Обухов кивнул головой.

– После того как ты стал расспрашивать меня об этом еврее, я уже не сомневаюсь в этом. Да и как же иначе, если с мужика ни шубу не сняли, ни шапку, ни обувку, которая, кстати, тоже немалые гроши стоит. В общем, не для того мужика к праотцам отправили, чтобы только карманы ошманать.

– И что ваши подопечные об этом говорят, неужто, никто ничего не знает?

– Так я же тебе и толкую об этом – гольная пустота, нуль.

Все это было действительно более чем странно, и Самарин не мог не задать вопроса, который уже давно готов был сорваться с языка:

– Думаете, Менделя по наводке завалили?

– Не знаю, да и кому этот еврей мог дорогу перейти?

Самарин уже догадывался, кому мог помешать в этой жизни Моисей Мендель, однако не стал вводить Обухова в тонкости ограбления норвежского посольства, а только спросил:

– Вы не в курсе, у него родственники в Питере остались?

– Жена.
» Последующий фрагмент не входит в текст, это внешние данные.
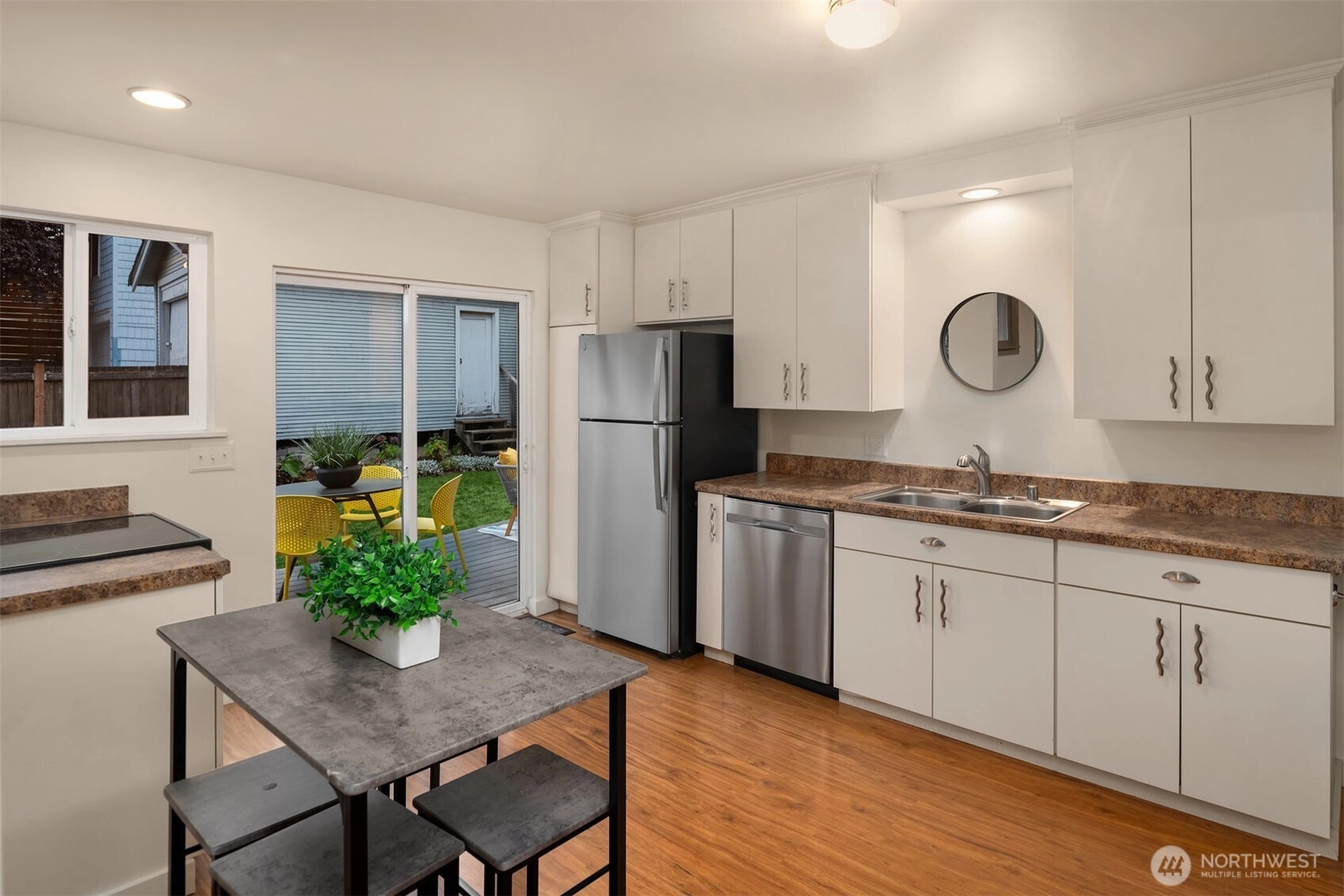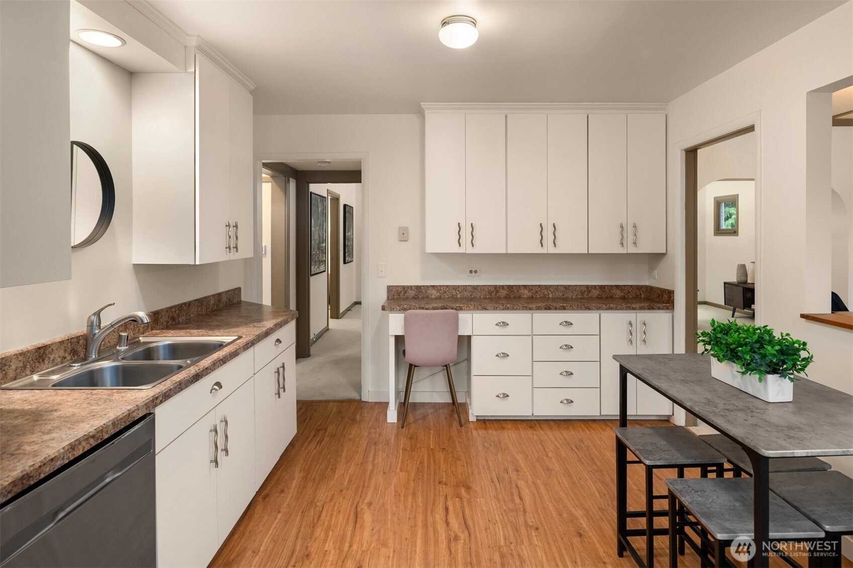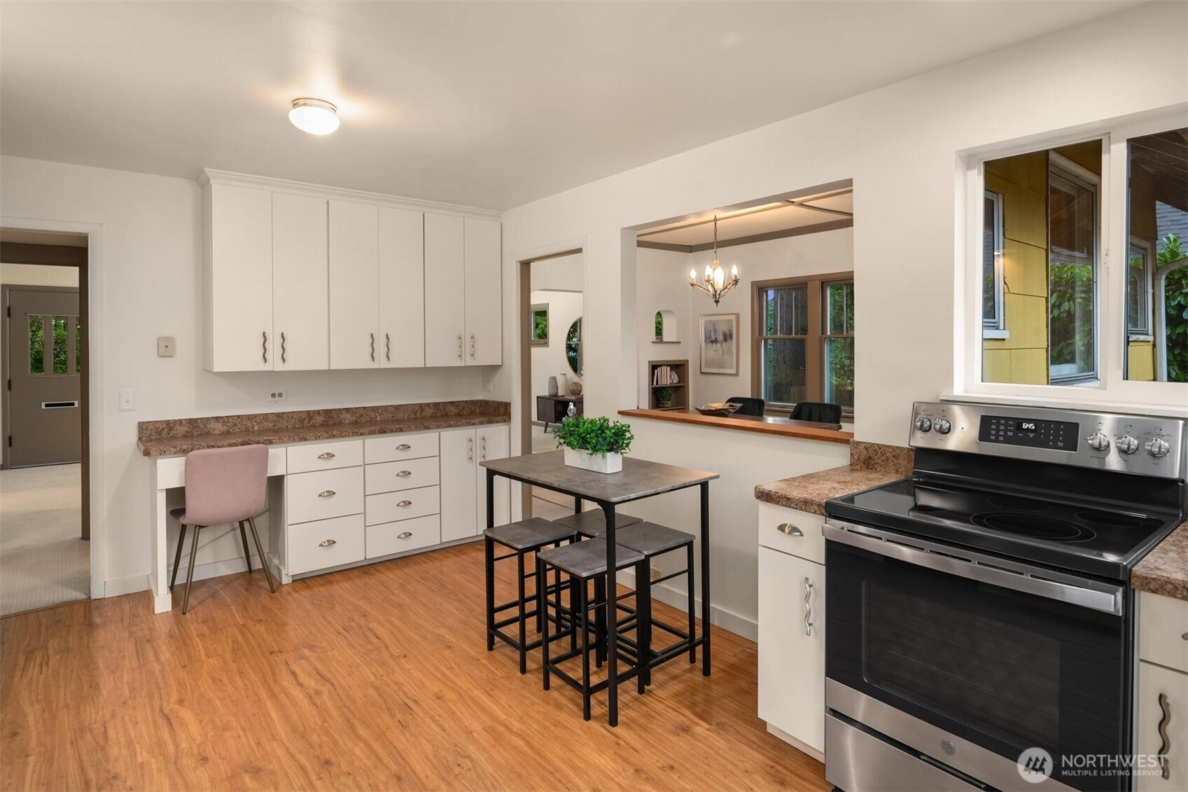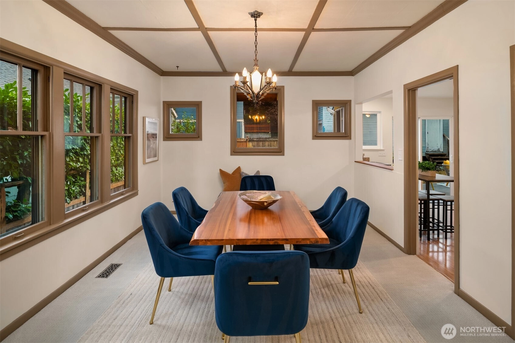 All the charm + character is still intact in this stunning Green Lake Craftsman. Captivating curb appeal with mature landscaping + inviting front porch. Sunlight streaming through expansive windows bathes interior. Classic design elements include vintage chandeliers, fireplace + built-in bookcases. Oak hardwoods are ready to be uncovered. Updated kitchen with stainless appliances, gas range, white cabinetry + breakfast bar. Two bedrooms + full bath on main level. Upstairs are two additional bedrooms + a bonus space to use as den, office or studio. Outside is a private deck for enjoying BBQs + vegetable gardens. Unfinished basement has great potential. Blocks to park + Green Lake Village.
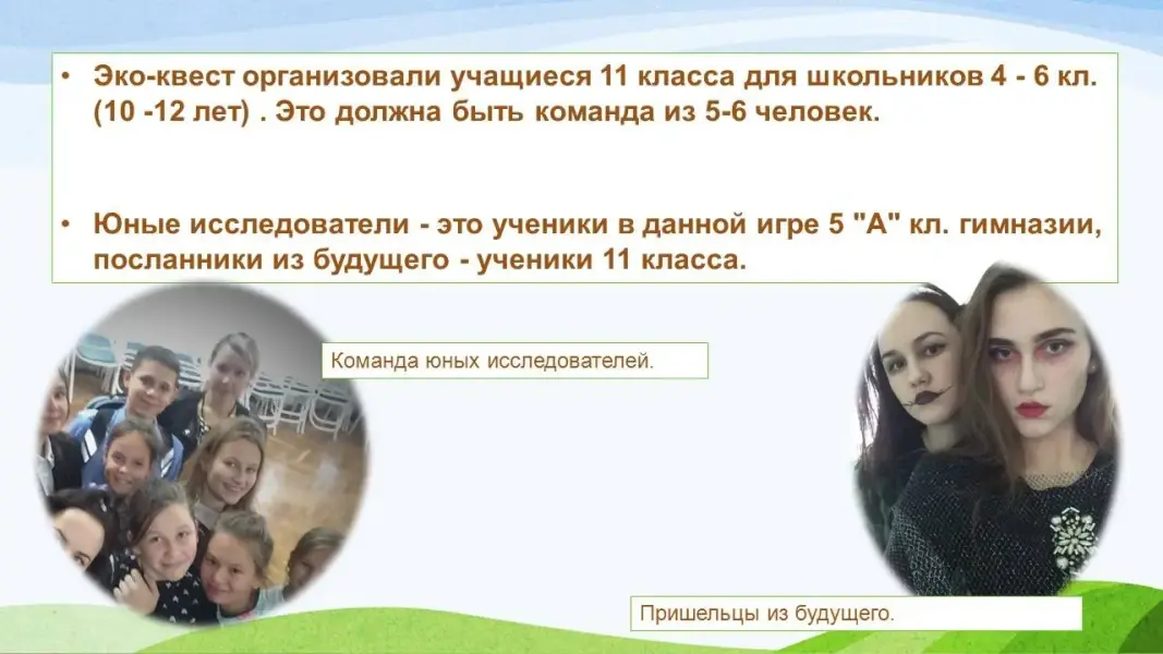 Юные исследователи - это ученики в данной игре 5 "А" кл. гимназии, посланники из будущего - ученики 11 класса.

Точнее говоря, молодая вдова. – И увидев вопросительный взгляд Самарина, Обухов пояснил: – У Менделя жена померла, когда ему уже пятьдесят стукнуло, детей не было, вот он и решил не менять шило на мыло, то есть старуху на старуху, и привел в дом молодую полячку.

– И давно это случилось?

– Считай, чуть ли не перед самой революцией.

– И где она сейчас живет?

– Да все там же, на Лиговке. Двухэтажный особняк с колоннами.

Глава 4

Когда-то этот дом, порог которого переступали в свое время не только «осколки» высшего общества, пытавшиеся заложить последнее из того, что у них было, но и самые влиятельные, а порой и самые богатые люди российской столицы, знавал более счастливые времена, но, как говаривал то ли греческий, то ли еврейский философ, деньги что песок: сегодня они есть, а завтра их уже нету.

Настроившийся на философский лад, Самарин почему-то подумал, что этот афоризм явно опередил свое время, и родиться он должен был не где-то там, в жарких странах, а непременно в России, в семнадцатом году, однако в этот момент за дверью послышались легкие шаги и почти прошуршал негромкий женский голос:

– Кто?

– Простите, ради бога, за неурочный визит, – постарался быть предельно вежливым Самарин, – но это вас беспокоит человек, которого вы не знаете. Самарин… Аскольд Владимирович.

Неизвестно, что более всего произвело впечатление на стоявшую за дверью женщину, его «старорежимные» слова, которые в феврале девятнадцатого года редко от кого можно было услышать, то ли столь же редкое имя – Аскольд, что сразу же указывало на принадлежность к дворянскому роду, однако за дверью громыхнул металлический засов, и в полутемном проеме застыла молодая женщина, стать которой не могло скрыть даже наброшенное на плечи пальто. Судя по всему, вдова, о которой говорил Обухов.

– Простите, – снял шляпу Самарин, – но я бы хотел видеть господина Менделя.

Начало разговора он обдумал заранее и, кажется, не ошибся в прогнозах.

– Моисея? – Вдова была явно удивлена просьбой незнакомца. – Но это невозможно.

– Почему? Он в отъезде? – продолжал свою игру Самарин.

– Если бы в отъезде, – вздохнула женщина, и в ее глазах застыла тоскующая печаль. – Думаю, вы уже никогда не сможете его увидеть.

– Я… я не понимаю вас. Он что, эмигрировал?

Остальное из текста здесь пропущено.